Data to use:
____________________

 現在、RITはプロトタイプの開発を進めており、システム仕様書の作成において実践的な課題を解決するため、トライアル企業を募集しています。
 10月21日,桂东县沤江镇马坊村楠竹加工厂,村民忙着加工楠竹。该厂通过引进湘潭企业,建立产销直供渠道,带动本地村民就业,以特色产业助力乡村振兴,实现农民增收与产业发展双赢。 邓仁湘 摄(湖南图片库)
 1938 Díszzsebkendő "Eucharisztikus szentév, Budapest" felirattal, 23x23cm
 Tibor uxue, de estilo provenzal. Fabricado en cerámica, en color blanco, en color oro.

____________________

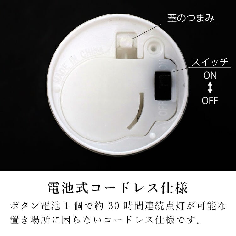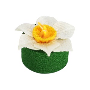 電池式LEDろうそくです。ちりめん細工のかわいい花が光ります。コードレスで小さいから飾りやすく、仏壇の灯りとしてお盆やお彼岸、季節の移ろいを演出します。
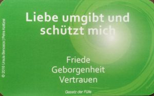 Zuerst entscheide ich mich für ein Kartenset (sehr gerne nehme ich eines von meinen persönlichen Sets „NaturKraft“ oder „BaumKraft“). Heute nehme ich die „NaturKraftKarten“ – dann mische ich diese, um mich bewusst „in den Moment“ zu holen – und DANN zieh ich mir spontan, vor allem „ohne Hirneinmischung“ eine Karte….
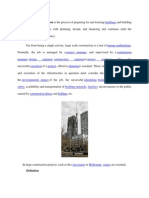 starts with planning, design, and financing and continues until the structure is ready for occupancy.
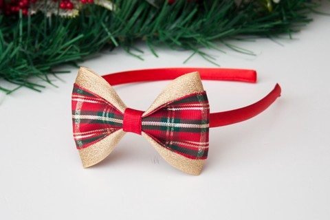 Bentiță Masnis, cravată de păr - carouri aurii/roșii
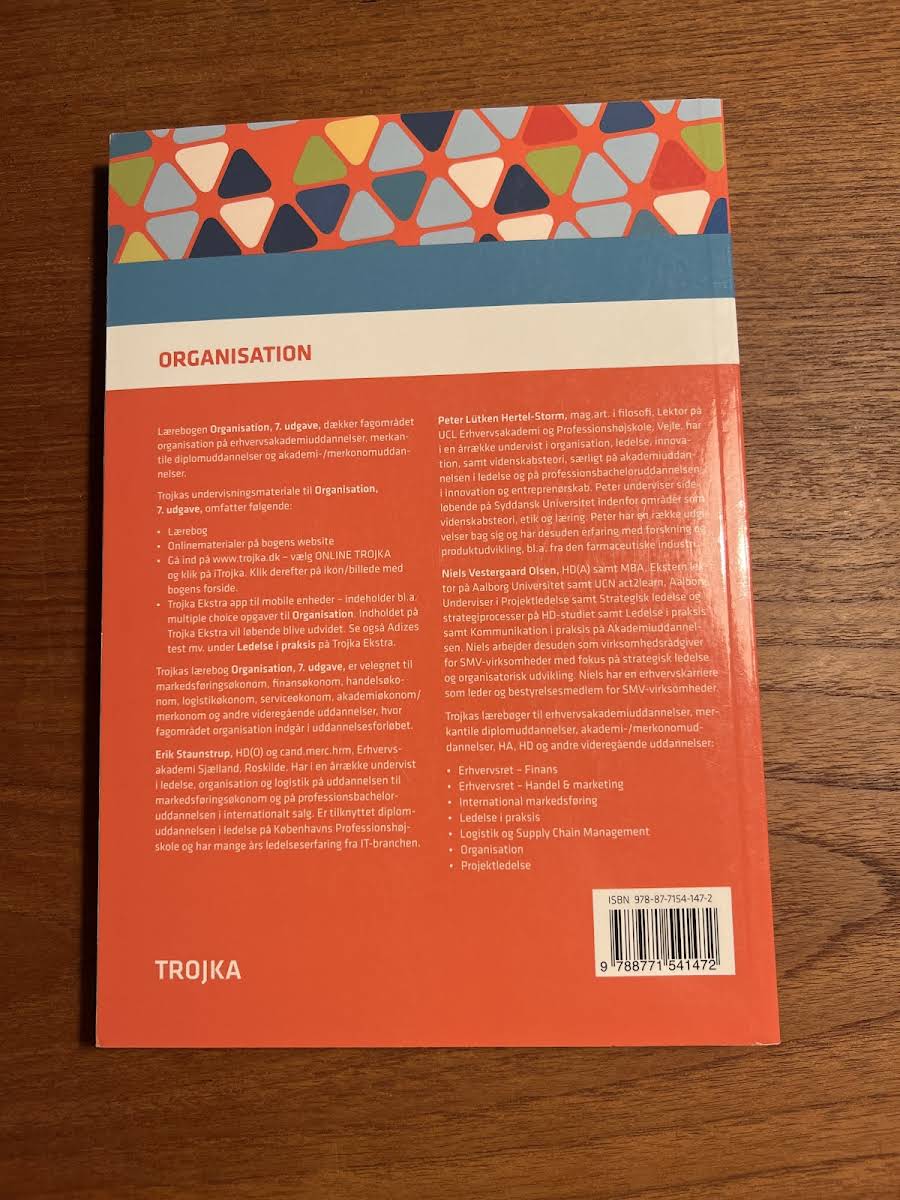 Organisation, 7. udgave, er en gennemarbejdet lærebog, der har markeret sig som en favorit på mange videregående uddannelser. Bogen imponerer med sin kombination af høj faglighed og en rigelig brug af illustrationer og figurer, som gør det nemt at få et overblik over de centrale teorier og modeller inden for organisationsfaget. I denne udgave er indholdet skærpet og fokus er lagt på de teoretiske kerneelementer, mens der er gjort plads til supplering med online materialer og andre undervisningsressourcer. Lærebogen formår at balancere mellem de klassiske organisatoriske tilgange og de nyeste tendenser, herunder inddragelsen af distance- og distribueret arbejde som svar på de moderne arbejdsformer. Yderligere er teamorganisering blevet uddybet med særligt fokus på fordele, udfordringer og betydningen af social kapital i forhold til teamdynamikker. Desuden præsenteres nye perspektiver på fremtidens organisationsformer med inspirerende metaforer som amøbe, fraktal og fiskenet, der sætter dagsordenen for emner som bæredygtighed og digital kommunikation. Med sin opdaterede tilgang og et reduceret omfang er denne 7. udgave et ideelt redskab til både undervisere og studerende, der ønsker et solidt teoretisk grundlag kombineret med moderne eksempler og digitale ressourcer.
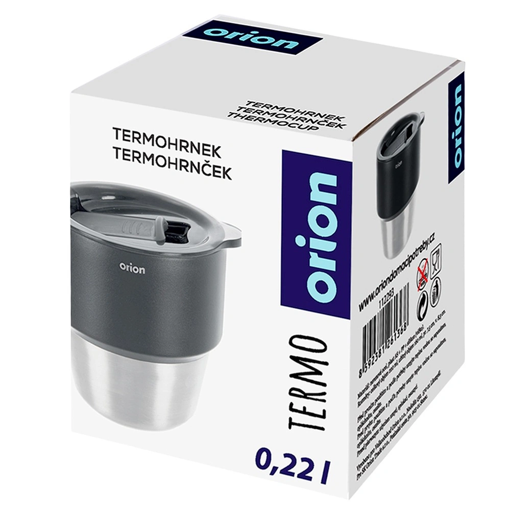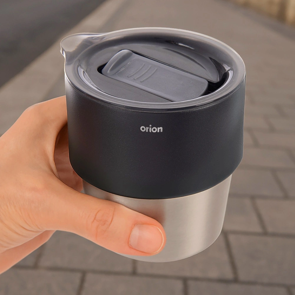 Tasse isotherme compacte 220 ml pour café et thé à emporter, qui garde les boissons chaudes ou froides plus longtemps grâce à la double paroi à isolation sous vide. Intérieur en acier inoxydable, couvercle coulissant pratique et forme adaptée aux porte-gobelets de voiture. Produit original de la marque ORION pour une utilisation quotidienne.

____________________

Activity:
Please print the lines above word for word, starting at the one with "Zuerst entscheide ich" and ending at the one with "Bentiță Masnis, cravată", both included, and without any picture.

Solution for this problem:
 Zuerst entscheide ich mich für ein Kartenset (sehr gerne nehme ich eines von meinen persönlichen Sets „NaturKraft“ oder „BaumKraft“). Heute nehme ich die „NaturKraftKarten“ – dann mische ich diese, um mich bewusst „in den Moment“ zu holen – und DANN zieh ich mir spontan, vor allem „ohne Hirneinmischung“ eine Karte….
 starts with planning, design, and financing and continues until the structure is ready for occupancy.
 Bentiță Masnis, cravată de păr - carouri aurii/roșii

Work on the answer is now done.